Melting-pot génétique
En Europe, les variations géo-climatiques au néozoïque furent littéralement cataclysmiques. Flux et reflux du niveau de la mer, tempêtes de sel, glaciations chroniques : on pourrait se perdre dans le décompte des espèces disparus au cours de ces quelques dizaines de millions d'années. Heureusement, Tim Flannery enrichit son récit par une foule de détails sur cette vie étrange, ainsi que sur leurs découvreurs, des scientifiques parfois extravagants. Il en est ainsi de l'exécrable Richard Owen, aussi toxique pour ses confrères que sa vipère géante Laophis. Ou du baron Nopcsa von Felso-Szilvas, tombé dans l'indigence pour avoir mené à bien sa quête sacrée des dinosaures nains.

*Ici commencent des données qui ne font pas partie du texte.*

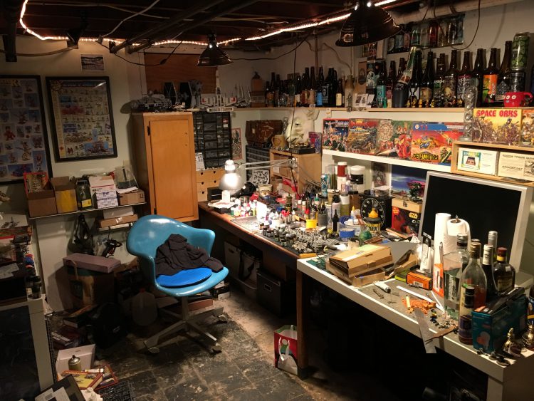 I've been fortunate to have dedicated hobby spaces for the last 10 or so years. When renting apartments we'd find places with 3-bedrooms and one would be used to contain my hobby stuff. When we bought our first house, I got half the basement and spent time semi-finishing it, building it out including a display cabinet built into a wall. It was a great space, despite the lack of headroom (I'm 6'4", so lots of ducking happened). It was around 270 sq ft and housed my collection and allowed for dedicated hobby and play space. It was a hard space to truly make nice, with a raw concrete floor, no extra space (read: closets), and no place to hide anything.
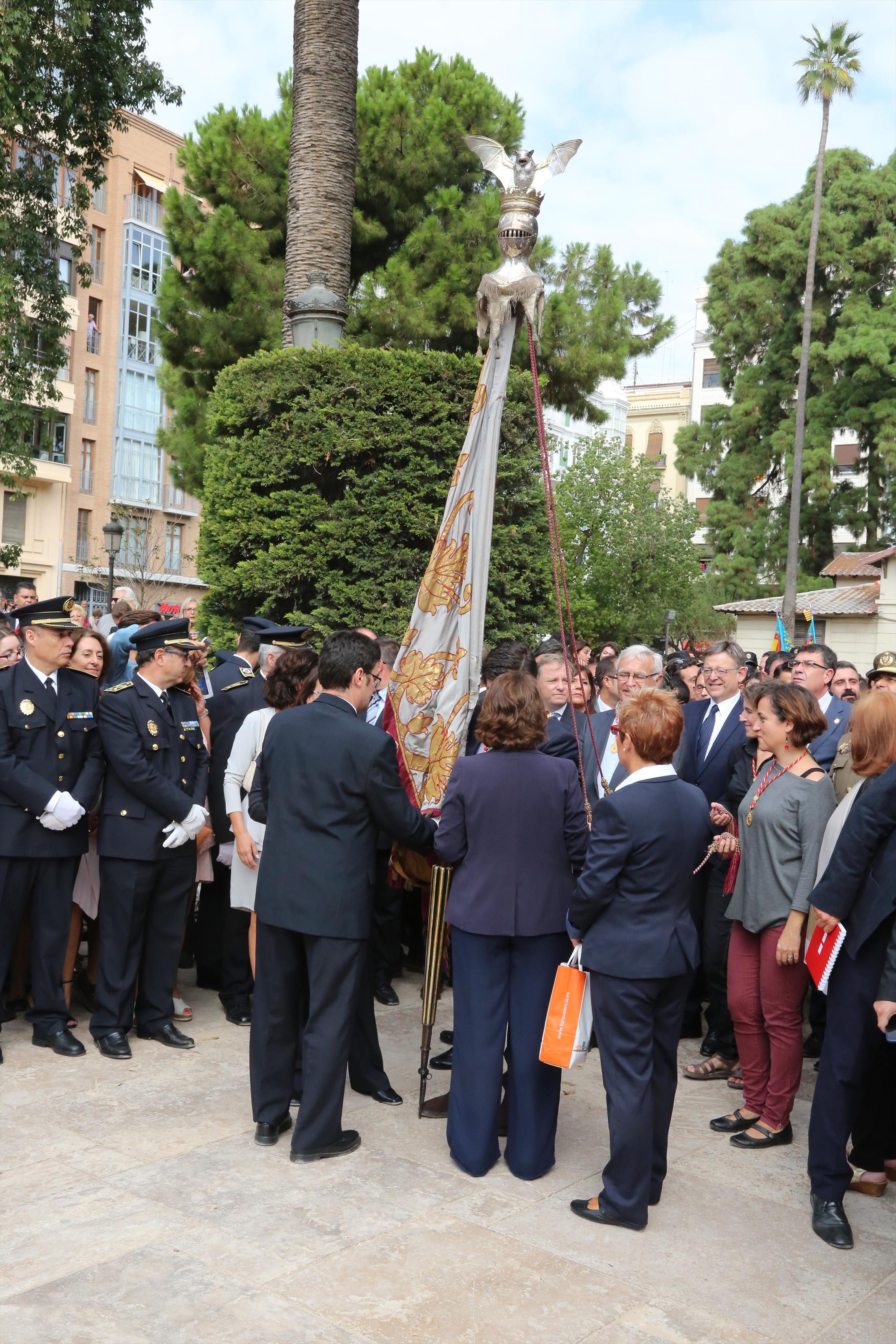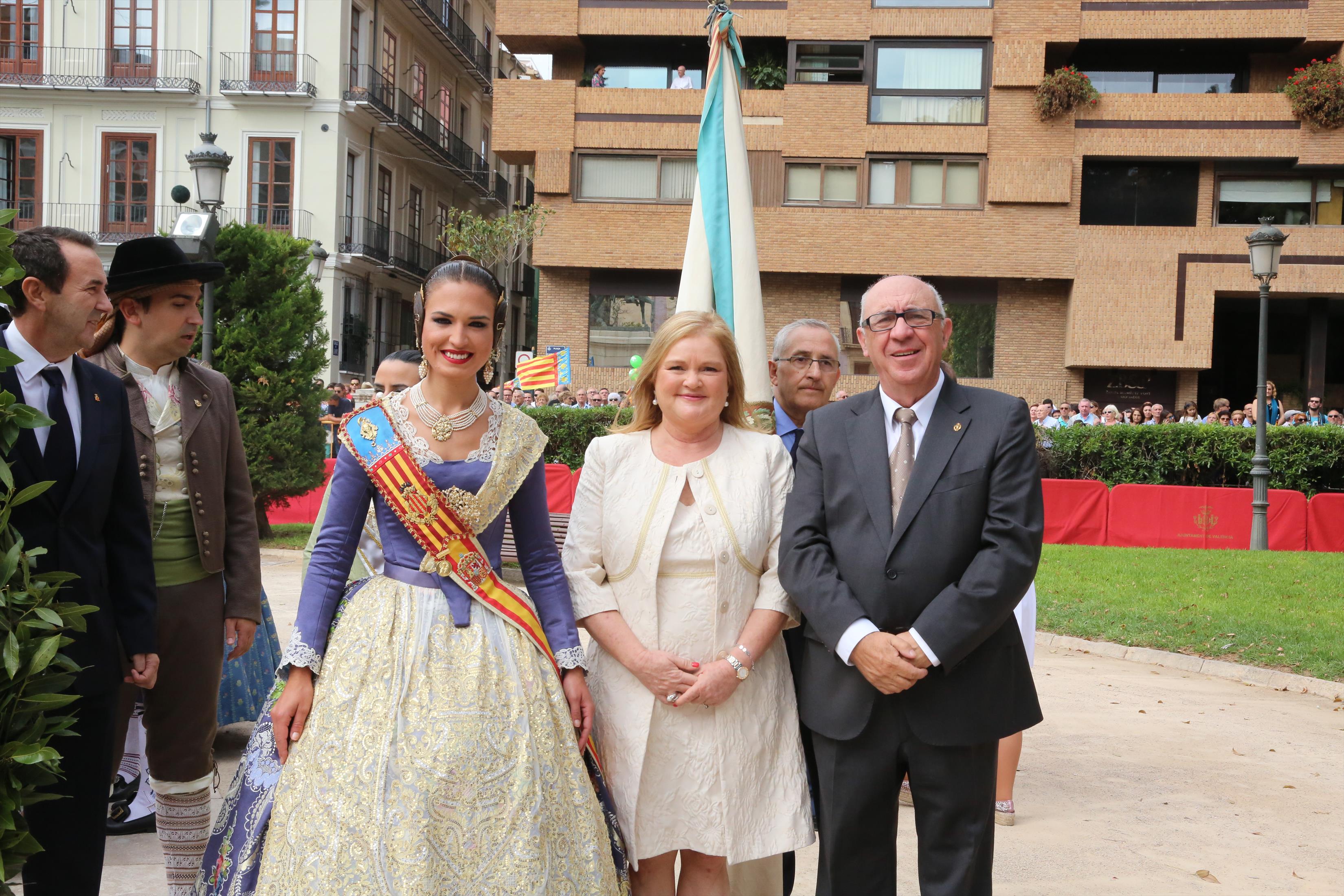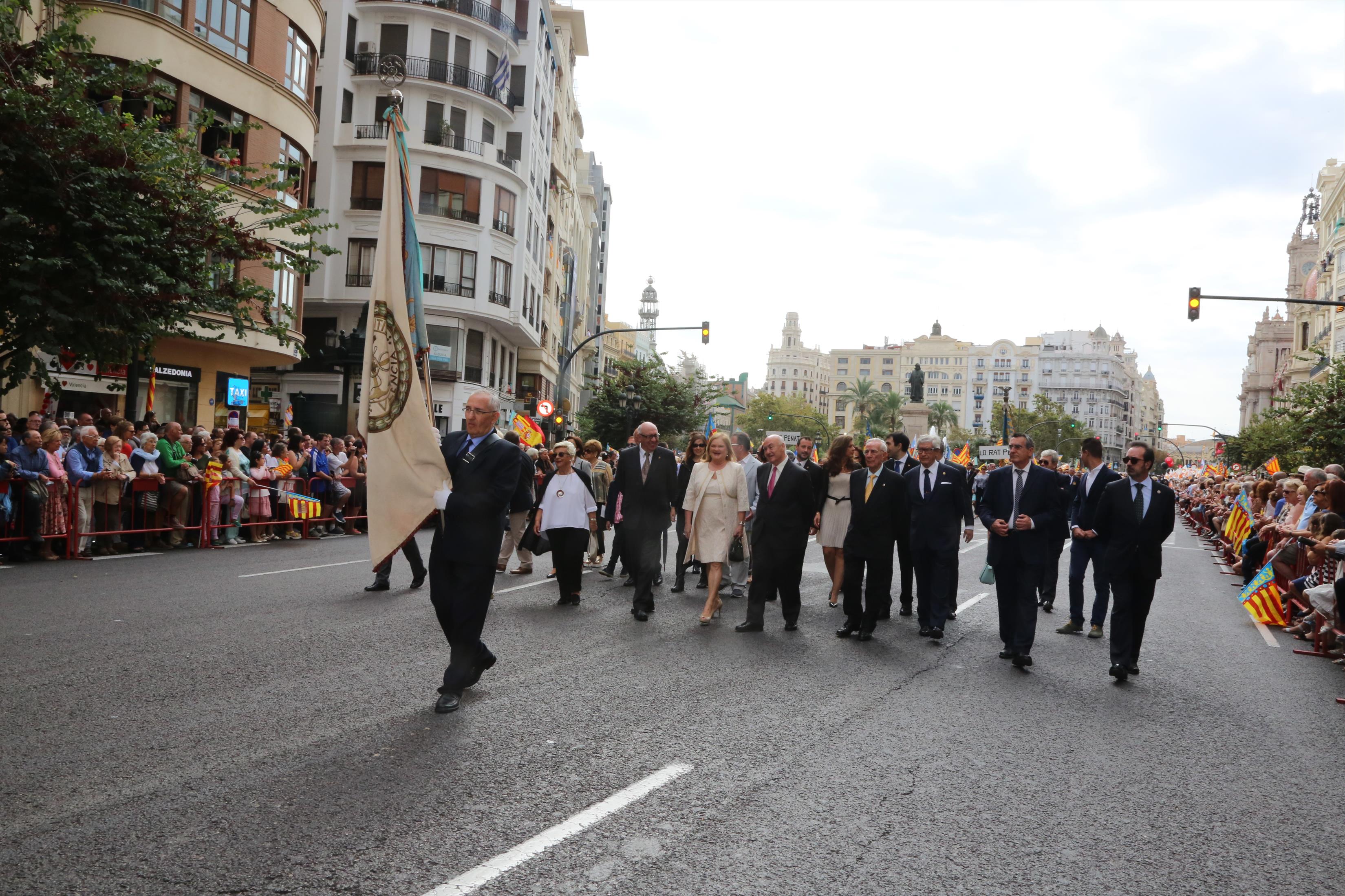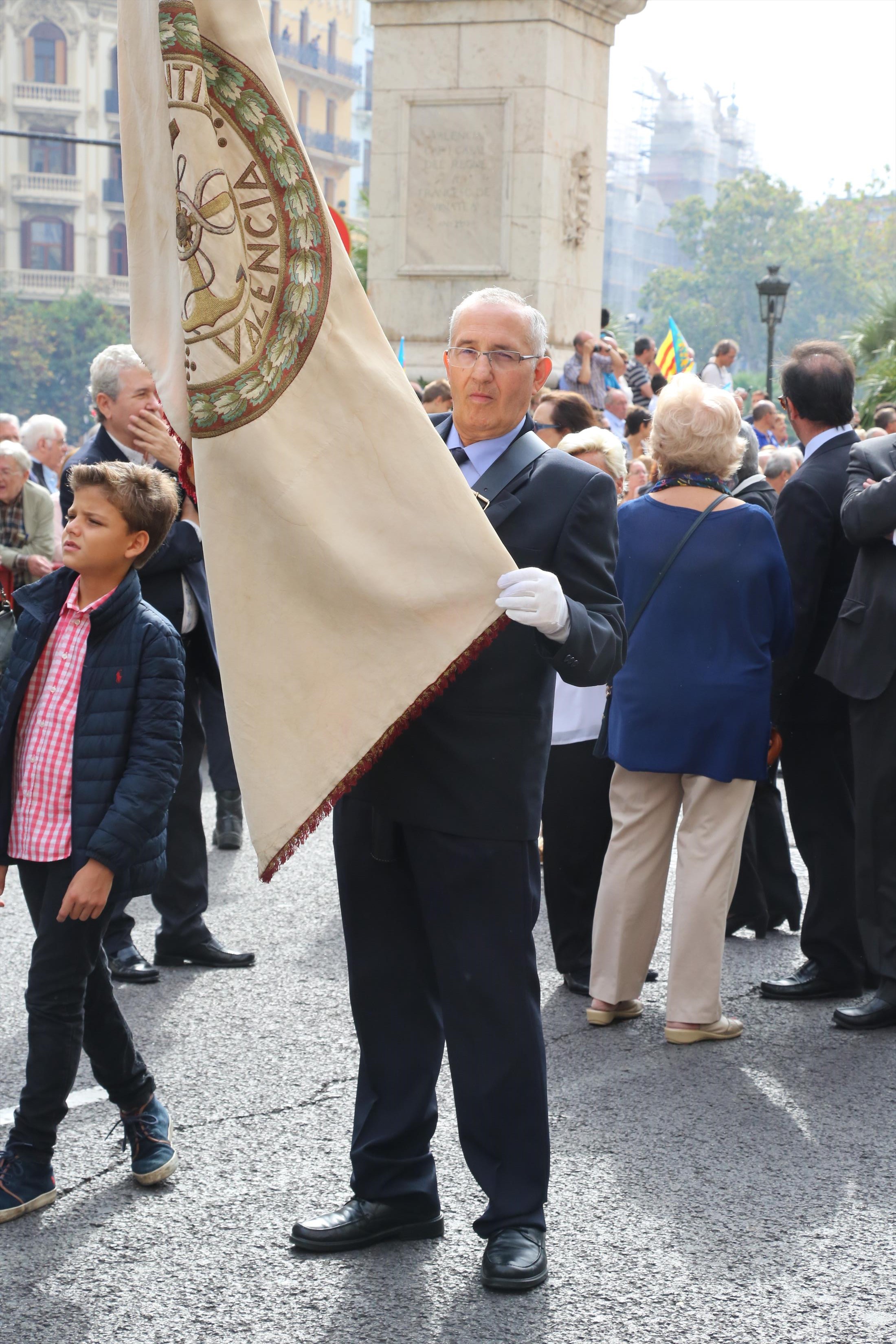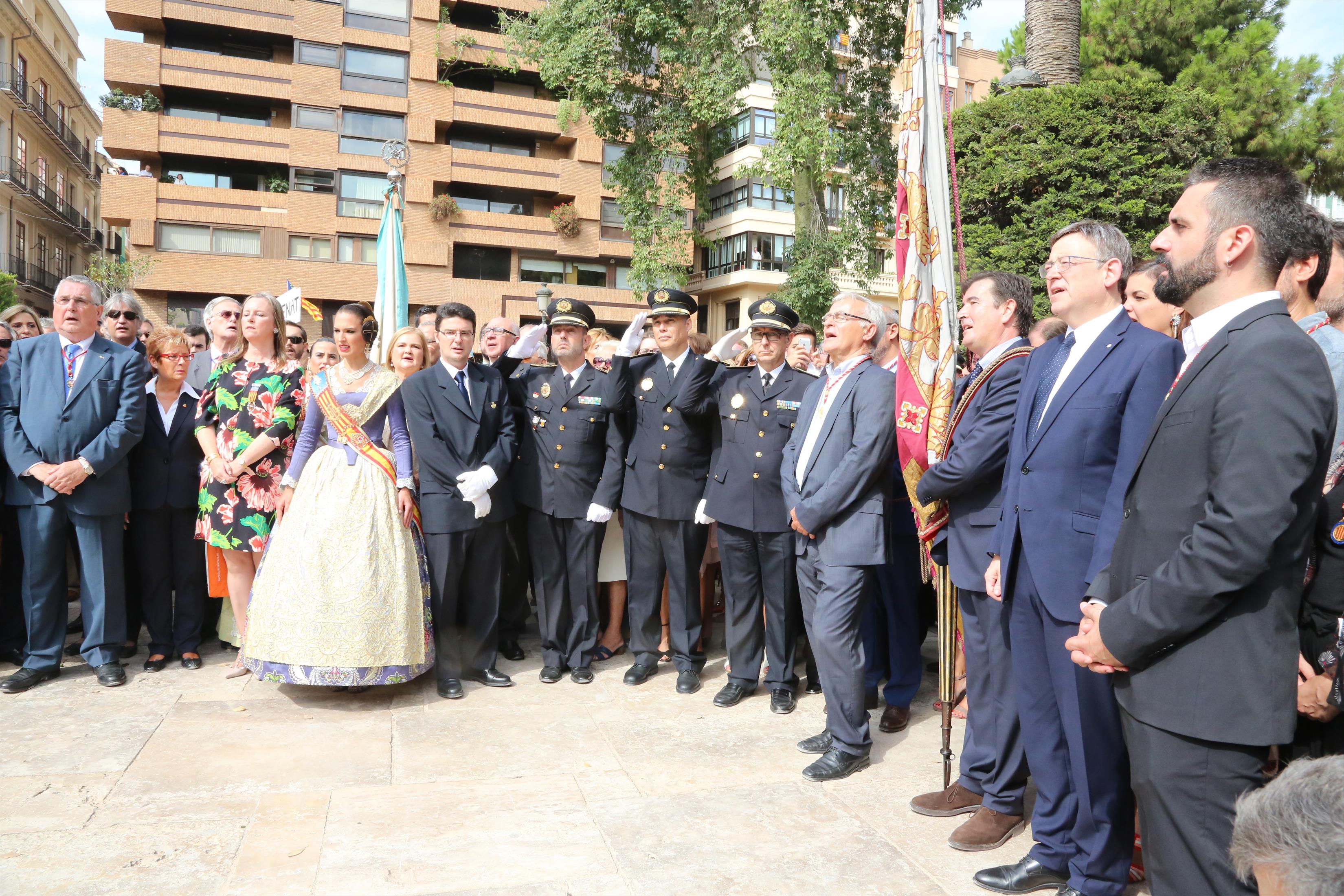 El abanderado de este año fue el portavoz de Ciudadanos, Fernando Giner, que agarró el mastil de la Real Senyera que salió del Archivo Histórico Municipal. No faltó a la cita la fallera mayor de Valencia, Alicia Moreno, y su corte de honor. Se emocionó en la víspera del final de su reinado, dado que un día después, el 10 de octubre se conoció el nombre de su sucesora.

Chemin faisant, des milliers d'espèces animales ont émergé, évolué, disparu. Surtout, contrairement à l'Amérique du Sud ou à l'Australie, l'Europe s'est trouvée en contact quasi permanent avec l'Afrique et l'Asie et dans une moindre mesure avec l'Amérique du Nord. Dès lors, le Vieux Continent fut le laboratoire de toutes les hybridations. Généralement, les hybrides sont infertiles et leur poids dans la biodiversité reste marginale. Sauf en Europe, avance Tim Flannery. Sur le temps long et grâce à l'apport régulier des biotopes voisins, la faune européenne s'est constituée en tant que gigantesque melting-pot génétique.
Le retour des mammouths ?
Dans ce jeu de massacre et de métissage, un mammifère va rapidement prendre une importance démesurée. Il y a 23 millions d'années, une petite créature apparaît ici. C'est peut-être le premier hominidé, l'ancêtre des grands singes et des humains. Mais il s'en va, bientôt remplacé par d'autres primates africains. Vagues après vagues, les représentants du genre homo vont tenter leur chance en Europe, jusqu'aux puissants Néanderthaliens, seuls capables de survivre aux glaciations. Nous-mêmes sommes issus d'une ultime hybridation : celle des homo-sapiens archaïques avec leurs cousins de l'âge de glace. Aujourd'hui encore, entre 20 à 40 % du génome néanderthalien circule dans les populations humaines d'Europe et d'Asie. L'homme moderne, ce « bâtard », est pourtant la source des plus grands bouleversements dans la biosphère européenne et bientôt mondiale. Dans les derniers chapitres du Supercontinent, on survolera les conséquences de la chasse sur la mégafaune du pléistocène, des diverses domestications, de l'agriculture, de l'expansion européenne et pour finir de la révolution industrielle qui enclenche une nouvelle ère, l'anthropocène.
Forcément, plus le récit se rapproche du temps présent, plus le ton devient préoccupant. Tim Flannery, à la fois paléontologue et militant écologiste, considère pourtant que l'Europe est un territoire privilégié pour combattre la sixième extinction. A la pointe du combat en la matière, l'Europe est exempte du boom démographique suicidaire qui risque de submerger l'Afrique et l'Asie. Et l'auteur d'imaginer un réensauvagement des campagnes par le très européen processus de métissage. Ce serait alors le retour des lions et des rhinocéros, des hyènes et des ours. Dans une Europe plus chaude et plus sauvage, des touristes du monde entier viendront photographier ces nouveaux hybrides sans poil, mais que l'on appellera forcément des mammouths.